Cartridge recommendations


I think I need to replace my MC cartridge.  It's a Madrigal Carnegie.  I'm no longer convinced that a replacement needs to be a MC.  That was true when I bought the Carnegie but time and technology have changed.  I read last night that under $500 you're better off getting a MM.  At the $500 point and up, a MC starts to make sense.  At the $1,000 point, absolutely, get a MC.  But that was one opinion.

I'm setting a tentative budget of $1,000 to $1,500.  At $2,000 I become Ukrainian (fierce resistance occurs).

I have a Grado cartridge that I use on my 'other' TT and have a preference toward Grado cartridges.  As an aside, I visited the Grado website last night and found it very difficult to navigate.  I wanted to start by selecting a price, then go from there.  I could not find any pricing in the brief time I spent there.  I know it's there, I've seen it.  I'll try again.

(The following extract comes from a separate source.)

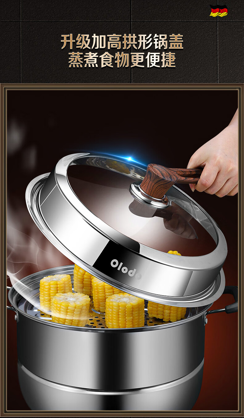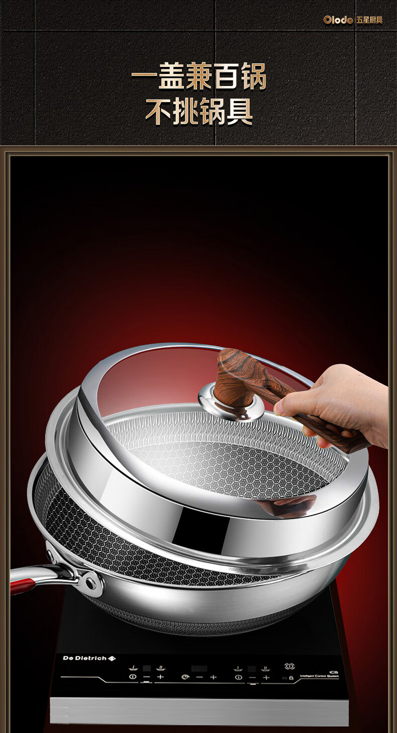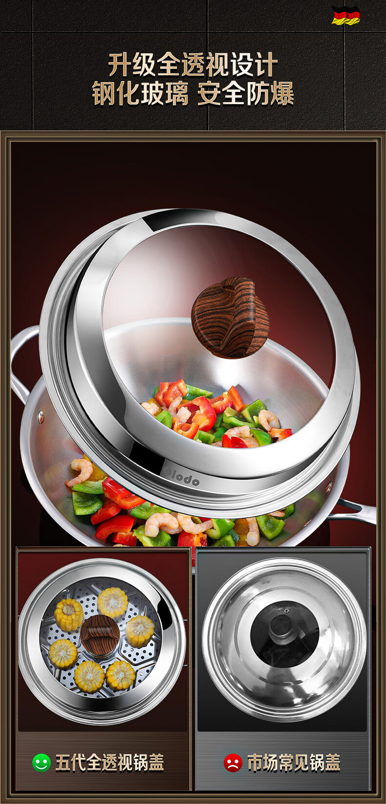 Olodo soup pot, steamer, wok, transparent tempered glass pot lid, thickened and elevated stainless steel countertop, stand-up cover with handle, 34cm full see-through, with 2 handles (can stand up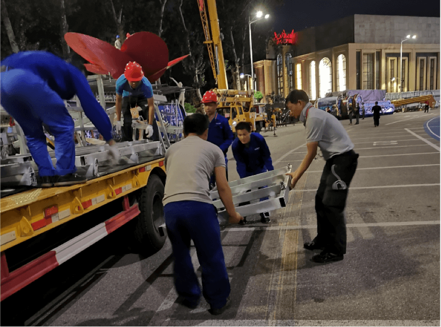 ▲湖南彩車制作小組副組長王旭虹與組員一起搬運物料

So I'm looking for suggestions.  MM, MI, or MC.  I prefer warmish (Grado is known for that), smooth and hopefully detailed.  Sound staging is irrelevant.

I've started a second discussion aimed at questioning if the Carnegie is truly dead, as I fear.  If you want to chime in on that I welcome your expertise.

listener2

If you have the arm for it the Ortofon SPUs have a warm full bodied sound but they’re low compliance. If there’s a removable headshell than just worry about balancing the 30g weight of the pickup head but if you need 1/2” mounting than the naked N series weigh in at ~16g with the included adaptor so the arm needs to be on the heavy side, 15g is probably enough but a little more might help. I’m getting very good results from a Royal N on an 18g arm, so much so that I’m in no hurry to swap it out for my rebuild Transfiguration Proteus.

 

The various Hana cartridges keep getting recommended as good value, the low output ones more so.

 

If you have the arm for it...  That's an interesting question.  I don't know the answer.

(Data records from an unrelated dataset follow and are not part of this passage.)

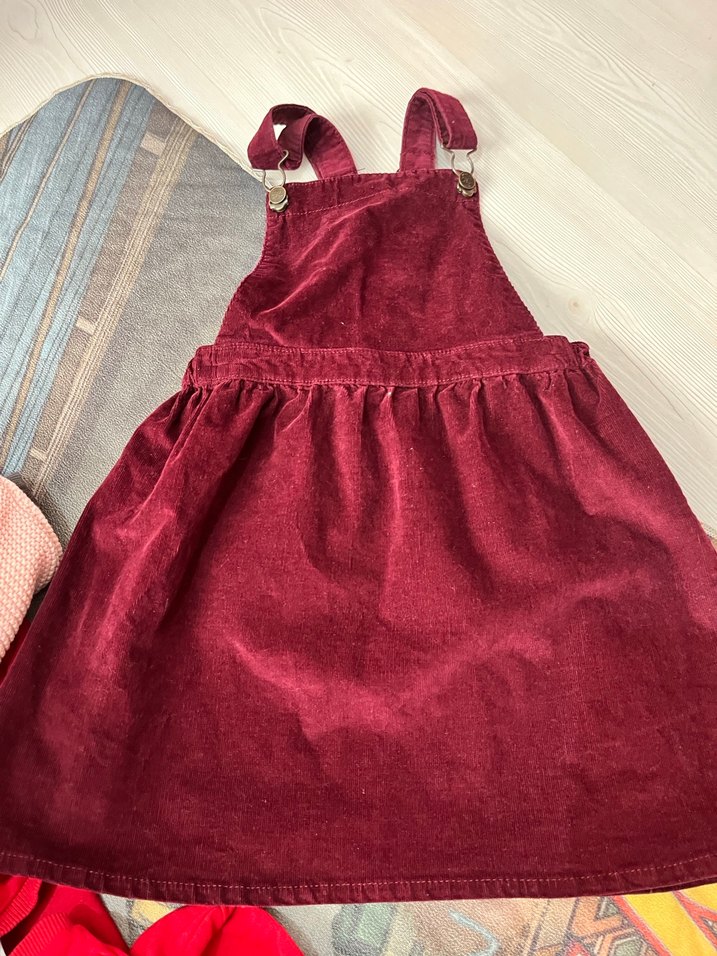 Bordo renkli, askılı ve düğmeli kız çocuk elbisesi, yumuşak kumaştan ve bohem tarzda, straplez yakalıdır.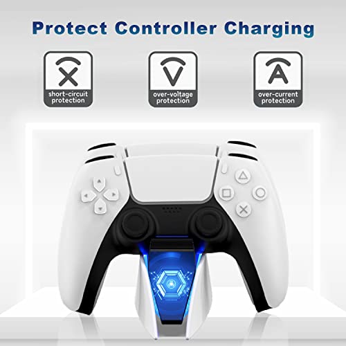 - 【Velocidad de carga rápida】esta base de carga ps5 alimentada con el EU-adaptador de corriente incluido, proporciona la velocidad de carga más rápida en 2 horas. (Aviso: debido al chip protector incorporado, el mando PS5 dejará de cargarse con un volumen de batería del 70%).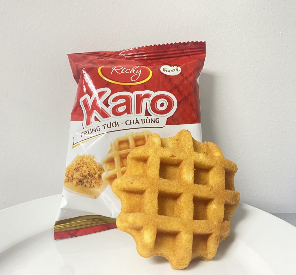 これはカロという鶏肉と新鮮な卵から作ったケーキです。カロの成分は卵22%、鶏肉21%を配合しているため、柔らかくて味が濃厚です。カロは2019年の発売以来大人気の商品で、全国の老舗菓子店、取次店、スーパーマーケットなどで販売されており、またベトナム航空の専用スナックとしても使われています。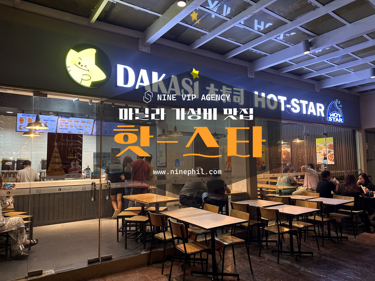 핫스타 1992년 대만에서 시작한 브랜드로 엄청난 사이즈의 프라이 치킨으로 유명한 곳 이며 2014년 필리핀에 진출 하여 필리핀 여러 지역에 매장을 운영 하고 있습니다. 같은 오너분께서 한 가계에서 같이 운영하는 다카시 버블티 전문점도 함께 운영 중 입니다. 예전에는 99페소 프로모션을 진행한 바 있어 현지인과 교민들에게 잘 알려진 맛집 입니다.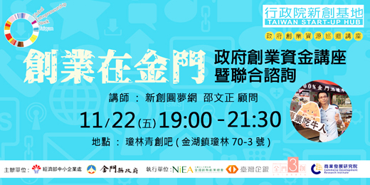 響應全球創業週串聯活動 三創平台11/22辦創業在金門講座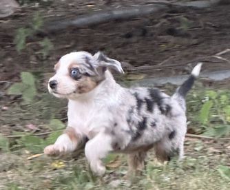 Our puppies include red merle and red. Colors will vary depending on the parent dogs.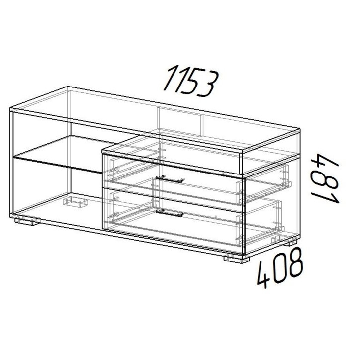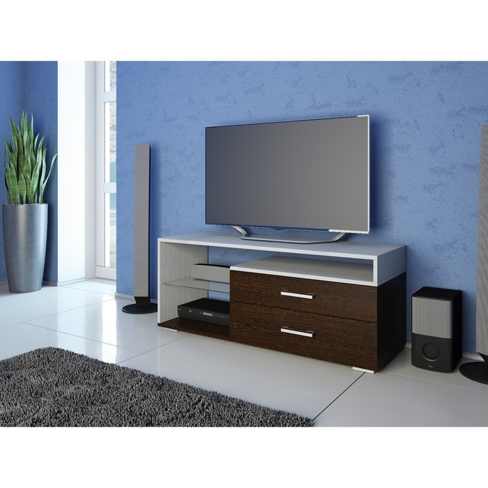Тумба под ТВ состоит из широкой подставки для монитора, двух вместительных выдвижных ящичков и полочек, которые смогут разместить необходимые детали интерьера. Лёгкий дизайн привлекает внимание своей ненавязчивостью. Модель прекрасно дополнит интерьер в классическом стиле, а вариант с контрастными цветами украсит комнату в стиле модерн.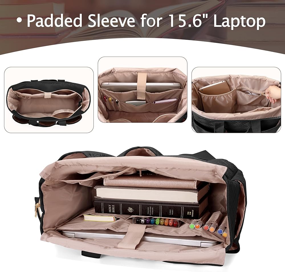 WELL ORGANIZED: There is a well-padded laptop compartment that can hold a 15.6 inches laptop or tablet. And it has 3 pen slots, 4 large internal pockets and 8 deep external pockets to sort and store the pens, highlighters, programs, workbooks, prayer lists, cards, phone, water bottle and other items needed for the church.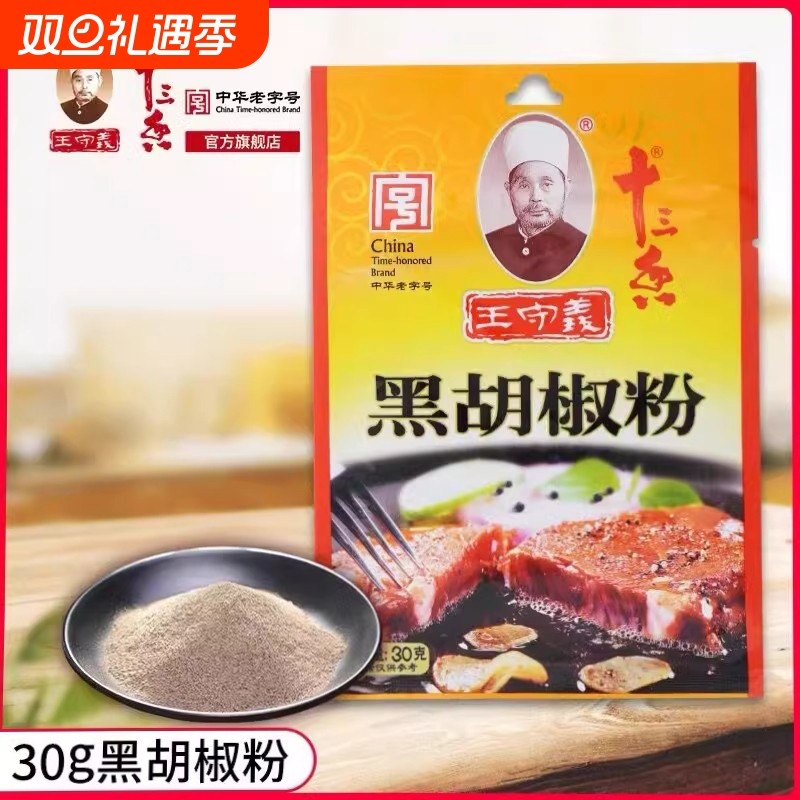 -> 王守义十三香黑胡椒粉30g家用小包烧烤龙虾牛排调料粉料批发商用

I have an Eminent Technology II, (mounted on on a VPI HW-19 MK II)  I'll have to dig out the ET owner's manual to see what the specs are. Since the tone arm (a boron tube I believe, or some material that makes it stiff yet light) rides on a column of air, I think a heavier than usual cartridge might be too heavy.

And to all others, thank you for the responses. 

I'll check out LP Gear. 

I also sent an email to Soundsmith asking if they can rebuild the Carnegie.  If they can, that might the more cost-efficient way to go.  I also asked them a few questions about their cartridges.  No response yet.

The Audio Technica  ART9XI  "ART 9" competes and beats many $2K cartridges and nothing under 1800 touches it.

An internet legend that is justified.

If the Hana ML works on that arm and with your phono amp, it’s an amazing cartridge.

Here's a guide that's been posted elsewhere on this board regarding matching ET-2 tonearms with cartridges:

https://forum.audiogon.com/discussions/eminent-technology-et-2-tonearm-owners/post?postid=1693347#1693347

I'm not aware of a boron arm wand.  The stock arm wand is aluminum.  The lighter one is the carbon fiber and the heavier one is magnesium.  Assuming you have the single leaf spring and the carbon wand, you'll want to use a low mass, medium compliance cartridge.

I use the AT-OC9XML on my ET-2 tonearm.  If I had the funds I probably would bump up to the ART9XI.  I'd love to try a London (Decca) Super Gold someday, but those suckers are hard to get dialed in on many tonearms, especially a linear tracking one on a suspended turntable.